Information shown START
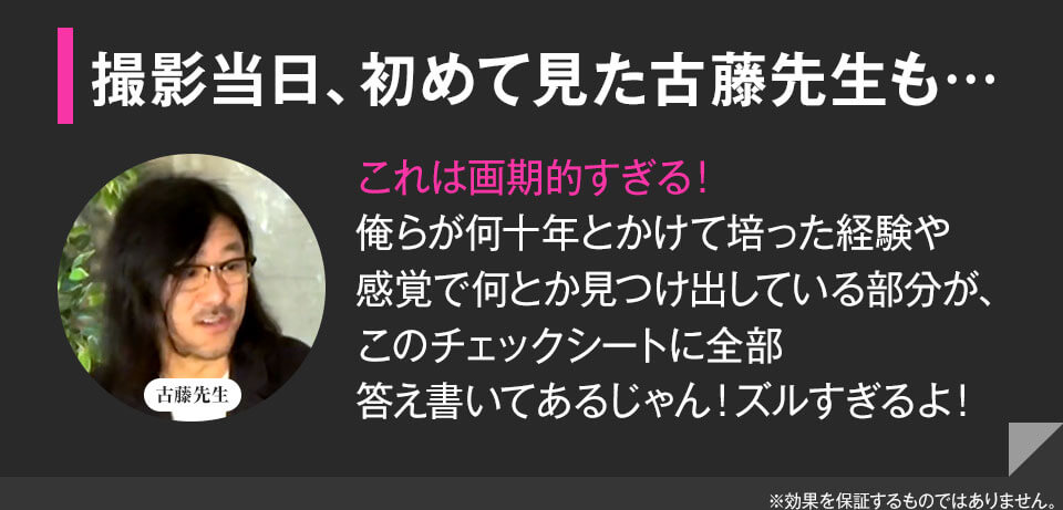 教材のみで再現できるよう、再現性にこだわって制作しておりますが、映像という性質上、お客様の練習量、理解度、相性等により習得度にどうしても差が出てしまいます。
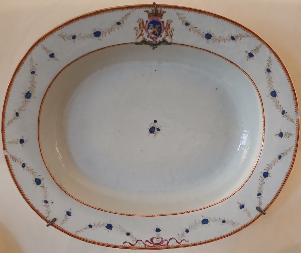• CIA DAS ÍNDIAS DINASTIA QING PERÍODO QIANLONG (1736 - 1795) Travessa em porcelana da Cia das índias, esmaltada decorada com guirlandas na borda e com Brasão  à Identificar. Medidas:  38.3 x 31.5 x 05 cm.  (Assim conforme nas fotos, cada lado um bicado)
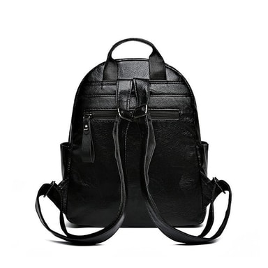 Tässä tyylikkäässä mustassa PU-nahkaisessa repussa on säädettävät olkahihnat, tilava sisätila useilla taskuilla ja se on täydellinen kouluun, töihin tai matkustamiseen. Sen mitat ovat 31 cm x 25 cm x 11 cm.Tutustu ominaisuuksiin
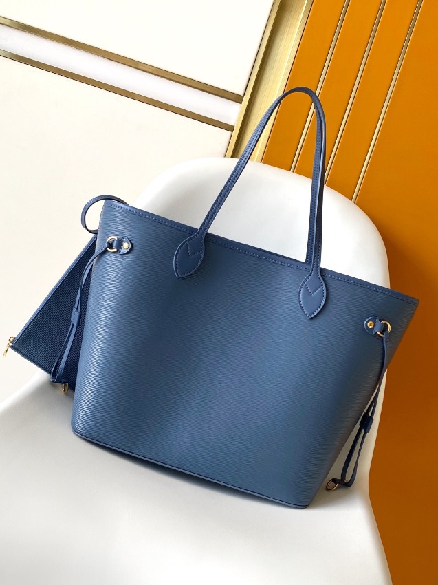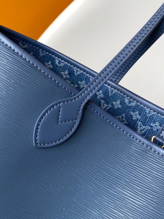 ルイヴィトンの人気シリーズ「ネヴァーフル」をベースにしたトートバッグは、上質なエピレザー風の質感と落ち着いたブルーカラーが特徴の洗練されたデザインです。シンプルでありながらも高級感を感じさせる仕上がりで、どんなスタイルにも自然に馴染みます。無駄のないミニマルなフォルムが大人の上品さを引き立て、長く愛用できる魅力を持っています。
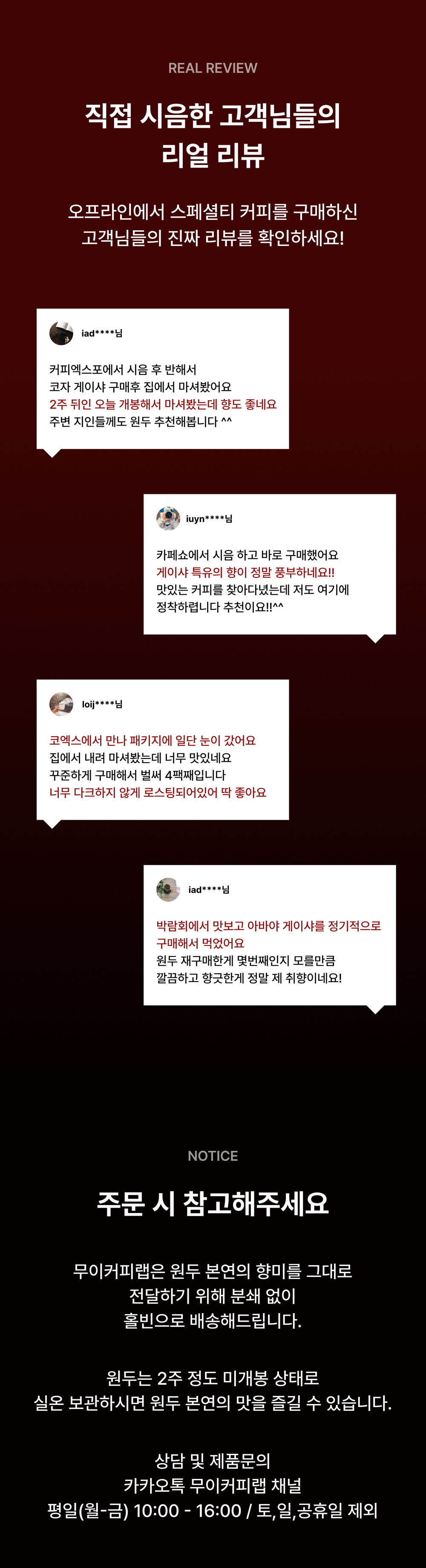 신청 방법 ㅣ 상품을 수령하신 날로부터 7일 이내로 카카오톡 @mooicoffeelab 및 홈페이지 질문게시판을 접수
Information shown END
### What you have to do
Above are the records; set down exactly the lines from the line containing "ルイヴィトンの人気シリーズ「" through their last line, leaving every picture out.

### Output for this task
 ルイヴィトンの人気シリーズ「ネヴァーフル」をベースにしたトートバッグは、上質なエピレザー風の質感と落ち着いたブルーカラーが特徴の洗練されたデザインです。シンプルでありながらも高級感を感じさせる仕上がりで、どんなスタイルにも自然に馴染みます。無駄のないミニマルなフォルムが大人の上品さを引き立て、長く愛用できる魅力を持っています。
 신청 방법 ㅣ 상품을 수령하신 날로부터 7일 이내로 카카오톡 @mooicoffeelab 및 홈페이지 질문게시판을 접수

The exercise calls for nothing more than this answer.